Reading time: 10 minutes
Hello, data enthusiasts!
In our earlier explorations, we embarked on a journey to demystify AWS Kinesis in an insightful overview and delve into its architecture details.
Today, the curtain rises on a hands-on experience.
Armed with the wisdom from those discussions, we’ll use Amazon Kinesis, Terraform, Python, and the SDK to craft a dynamic data streaming application.
Before delving into this data streaming journey, make sure you have the essentials lined up. You’ll need Terraform, Python, and an AWS account with AWS CLI configuration. If you haven’t set these up yet, head over here for step-by-step instructions.
Let’s Walk Through the Tutorial Using These Steps:
- Provisioning Amazon Kinesis with Terraform
- Crafting Your Python Data Streamer with SDK Integration
- Consuming the Streamed Data
- Executing the code and seeing the results on the fly
- Bringing Your Data Streaming Solution to Life
- Destroy Your Stream to Avoid Unforeseen Charges
Provisioning Amazon Kinesis with Terraform
Let’s create a directory named “kinesis-with-sdk” and set the foundation.
Within “kinesis-with-sdk”, create the “main.tf” script, which serves as your cloud infrastructure blueprint. Feel free to modify the region and shard count within the script to align with your specific experiments.
Open the terminal and executes the terraform command below to initialize terraform:
terraform init
After that, create your kinesis stream executing the command below:
terraform apply
The terraform will ask you to confirm. Type “yes” and go ahead.
Terraform used the selected providers to generate the following execution plan. Resource actions are indicated with the following symbols:
+ create
Terraform will perform the following actions:
# aws_kinesis_stream.data_portfolio_stream will be created
+ resource "aws_kinesis_stream" "data_portfolio_stream" {
+ arn = (known after apply)
+ encryption_type = "NONE"
+ enforce_consumer_deletion = false
+ id = (known after apply)
+ name = "DataPortfolioStream"
+ retention_period = 24
+ shard_count = 1
+ tags_all = (known after apply)
}
Plan: 1 to add, 0 to change, 0 to destroy.
Do you want to perform these actions?
Terraform will perform the actions described above.

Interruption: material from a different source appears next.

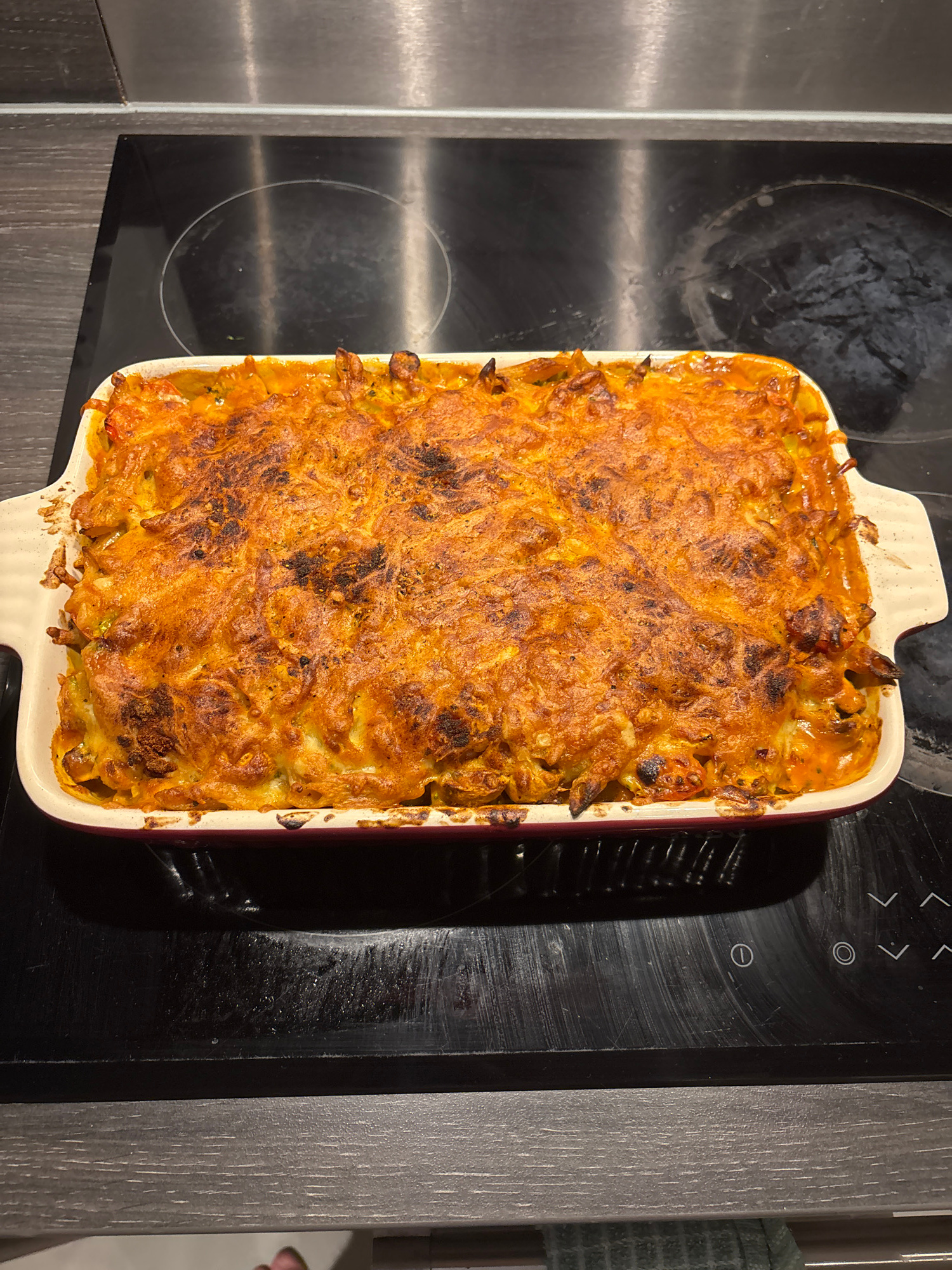 The image shows a freshly baked dish in a rectangular ceramic baking pan. The dish appears to be a casserole or lasagna, with a browned and slightly charred cheese topping. The pan has a cream-colored…read more

Only 'yes' will be accepted to approve.
Enter a value: yes
aws_kinesis_stream.data_portfolio_stream: Creating...
aws_kinesis_stream.data_portfolio_stream: Still creating... [10s elapsed]
aws_kinesis_stream.data_portfolio_stream: Still creating... [20s elapsed]
aws_kinesis_stream.data_portfolio_stream: Creation complete after 23s [id=arn:aws:kinesis:us-east-1:000000000000:stream/DataPortfolioStream]
After that, in Kinesis AWS Console, you can visualize the stream created:
Crafting Your Python Data Streamer with SDK Integration
Time to use Python and craft our data streamer. Inside the “kinesis-with-sdk” directory, introduce “streamer.py” – your tool to send data records to Kinesis stream.
Explaining the most important parts of our streamer:
If you aren’t interested in code details, go for the next topic
Lines 1-3 : “import time” and “import boto3”.
These lines import the necessary Python libraries. “time” is used for introducing delays between data sending, and “boto3” is the AWS SDK for Python, allowing you to interact with AWS services.
Line 4: “from botocore.exceptions import NoCredentialsError”.
This line imports the “NoCredentialsError” class from the “botocore.exceptions” module. This exception is raised when AWS credentials are missing or incorrect.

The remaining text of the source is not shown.